Live album by Die Ärzte
- Released: 22 November 1999
- Recorded: Berlin, 14 June 1994 by Radio Fritz Bonn, 7 November 1995 by Eins Live Rock am Ring, 18 May 1997 at Rock am Ring by MTV Heilbronn, 14 September 1998 Siegen, 11 October 1998 Mannheim, 12 October 1998 Saarbrücken, 7 November 1998 with GAGA-Mobil
- Genre: Punk rock
- Label: Hot Action
- Producer: Uwe Hoffmann, Die Ärzte

Die Ärzte chronology
| 13 (1998) | Wir wollen nur deine Seele (1999) | Satanische Pferde (1999) |

= Wir wollen nur deine Seele =

Wir wollen nur deine Seele ("We only want your soul") is the second live album by German rock band Die Ärzte, released on 22 November 1999. It is a compilation of songs from different concerts. Leftover songs were released on Satanische Pferde, which was only available for fan club members.

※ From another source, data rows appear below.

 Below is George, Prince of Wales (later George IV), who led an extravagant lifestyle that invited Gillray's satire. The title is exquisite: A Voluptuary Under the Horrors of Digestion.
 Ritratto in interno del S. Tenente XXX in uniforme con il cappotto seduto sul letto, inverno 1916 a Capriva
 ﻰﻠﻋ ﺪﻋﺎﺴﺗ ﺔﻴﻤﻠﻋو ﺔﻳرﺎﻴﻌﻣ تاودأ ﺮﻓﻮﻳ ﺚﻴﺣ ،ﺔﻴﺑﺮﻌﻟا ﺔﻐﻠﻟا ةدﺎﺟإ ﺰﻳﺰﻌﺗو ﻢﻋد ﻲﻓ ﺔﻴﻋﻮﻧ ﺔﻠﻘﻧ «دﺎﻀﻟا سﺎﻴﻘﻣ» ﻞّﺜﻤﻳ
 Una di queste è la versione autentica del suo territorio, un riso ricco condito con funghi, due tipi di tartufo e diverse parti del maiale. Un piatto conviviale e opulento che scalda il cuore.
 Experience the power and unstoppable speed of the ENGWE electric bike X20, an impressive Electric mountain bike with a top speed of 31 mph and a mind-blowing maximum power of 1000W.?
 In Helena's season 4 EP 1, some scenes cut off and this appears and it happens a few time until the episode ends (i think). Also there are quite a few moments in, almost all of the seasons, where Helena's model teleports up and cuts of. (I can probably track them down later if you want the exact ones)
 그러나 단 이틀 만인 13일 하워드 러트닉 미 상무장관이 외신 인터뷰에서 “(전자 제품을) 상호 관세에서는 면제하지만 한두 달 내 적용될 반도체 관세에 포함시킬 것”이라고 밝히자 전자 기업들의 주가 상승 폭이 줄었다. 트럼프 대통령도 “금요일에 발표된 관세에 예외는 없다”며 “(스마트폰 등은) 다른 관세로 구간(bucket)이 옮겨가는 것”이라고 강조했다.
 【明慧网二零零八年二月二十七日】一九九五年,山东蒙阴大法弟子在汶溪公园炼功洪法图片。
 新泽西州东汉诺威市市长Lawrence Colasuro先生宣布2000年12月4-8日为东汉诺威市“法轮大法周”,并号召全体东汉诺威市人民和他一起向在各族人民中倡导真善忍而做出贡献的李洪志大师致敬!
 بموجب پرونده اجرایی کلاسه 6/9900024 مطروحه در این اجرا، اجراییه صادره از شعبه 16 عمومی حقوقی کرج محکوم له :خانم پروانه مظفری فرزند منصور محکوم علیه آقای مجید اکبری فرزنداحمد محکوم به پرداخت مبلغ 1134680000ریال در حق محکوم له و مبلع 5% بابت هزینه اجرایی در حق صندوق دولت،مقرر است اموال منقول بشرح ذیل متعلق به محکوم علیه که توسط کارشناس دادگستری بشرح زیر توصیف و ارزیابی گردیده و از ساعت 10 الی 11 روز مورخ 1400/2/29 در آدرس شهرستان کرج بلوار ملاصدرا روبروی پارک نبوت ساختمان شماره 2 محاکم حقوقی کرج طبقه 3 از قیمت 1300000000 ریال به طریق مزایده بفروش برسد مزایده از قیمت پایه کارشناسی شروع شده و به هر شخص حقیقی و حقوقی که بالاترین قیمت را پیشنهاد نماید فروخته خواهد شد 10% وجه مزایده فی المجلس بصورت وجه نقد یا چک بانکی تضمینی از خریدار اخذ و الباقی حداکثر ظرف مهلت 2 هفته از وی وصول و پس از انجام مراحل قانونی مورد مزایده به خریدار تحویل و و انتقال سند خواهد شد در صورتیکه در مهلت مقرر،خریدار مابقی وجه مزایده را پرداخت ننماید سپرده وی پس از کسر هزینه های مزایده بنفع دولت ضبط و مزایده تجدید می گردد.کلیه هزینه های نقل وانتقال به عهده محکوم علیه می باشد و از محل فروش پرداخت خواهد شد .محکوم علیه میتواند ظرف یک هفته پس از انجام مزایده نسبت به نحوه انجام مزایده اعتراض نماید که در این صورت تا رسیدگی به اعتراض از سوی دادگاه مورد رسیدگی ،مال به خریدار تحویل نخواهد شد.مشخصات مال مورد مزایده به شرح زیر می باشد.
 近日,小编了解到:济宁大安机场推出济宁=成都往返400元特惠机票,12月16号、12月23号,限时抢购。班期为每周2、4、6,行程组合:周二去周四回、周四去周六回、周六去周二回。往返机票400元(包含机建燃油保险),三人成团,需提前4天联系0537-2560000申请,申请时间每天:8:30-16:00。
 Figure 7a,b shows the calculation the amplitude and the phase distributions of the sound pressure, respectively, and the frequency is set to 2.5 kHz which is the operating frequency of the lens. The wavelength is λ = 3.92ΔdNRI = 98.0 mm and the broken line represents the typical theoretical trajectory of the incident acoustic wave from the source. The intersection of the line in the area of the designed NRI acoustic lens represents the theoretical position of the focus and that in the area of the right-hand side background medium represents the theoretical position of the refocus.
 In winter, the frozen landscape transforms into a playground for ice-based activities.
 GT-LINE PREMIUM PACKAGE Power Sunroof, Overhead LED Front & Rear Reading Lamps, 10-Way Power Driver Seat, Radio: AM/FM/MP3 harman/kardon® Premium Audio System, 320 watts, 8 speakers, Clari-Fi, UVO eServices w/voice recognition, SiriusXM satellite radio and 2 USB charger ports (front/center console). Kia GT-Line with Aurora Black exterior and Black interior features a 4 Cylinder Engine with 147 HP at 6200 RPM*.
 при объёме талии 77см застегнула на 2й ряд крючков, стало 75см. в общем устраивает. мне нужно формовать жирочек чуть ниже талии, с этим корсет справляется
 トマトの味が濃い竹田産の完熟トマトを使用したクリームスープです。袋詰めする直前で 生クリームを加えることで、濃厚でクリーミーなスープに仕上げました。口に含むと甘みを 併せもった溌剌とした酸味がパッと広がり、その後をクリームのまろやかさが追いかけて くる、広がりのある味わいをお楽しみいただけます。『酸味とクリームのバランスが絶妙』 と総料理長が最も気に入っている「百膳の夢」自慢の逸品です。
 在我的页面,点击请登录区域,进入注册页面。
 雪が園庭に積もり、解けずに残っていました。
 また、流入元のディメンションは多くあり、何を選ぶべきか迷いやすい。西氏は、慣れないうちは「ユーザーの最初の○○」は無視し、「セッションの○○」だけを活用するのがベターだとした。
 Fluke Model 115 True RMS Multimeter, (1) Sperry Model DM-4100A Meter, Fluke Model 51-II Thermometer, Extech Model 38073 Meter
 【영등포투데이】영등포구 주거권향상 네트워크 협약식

The album's title is taken from a German book which was released by a Christian publisher in 1984 about the (perceived) propagation of satanism and occultism by rock musicians. This book gained a kind of cult status as a piece of real-life satire among heavy metal fans.

The subtitle of the first disc is a reference to Motörhead's successful live album No Sleep 'til Hammersmith and it also puns the heavy metal umlaut, for which Motörhead is a noted example.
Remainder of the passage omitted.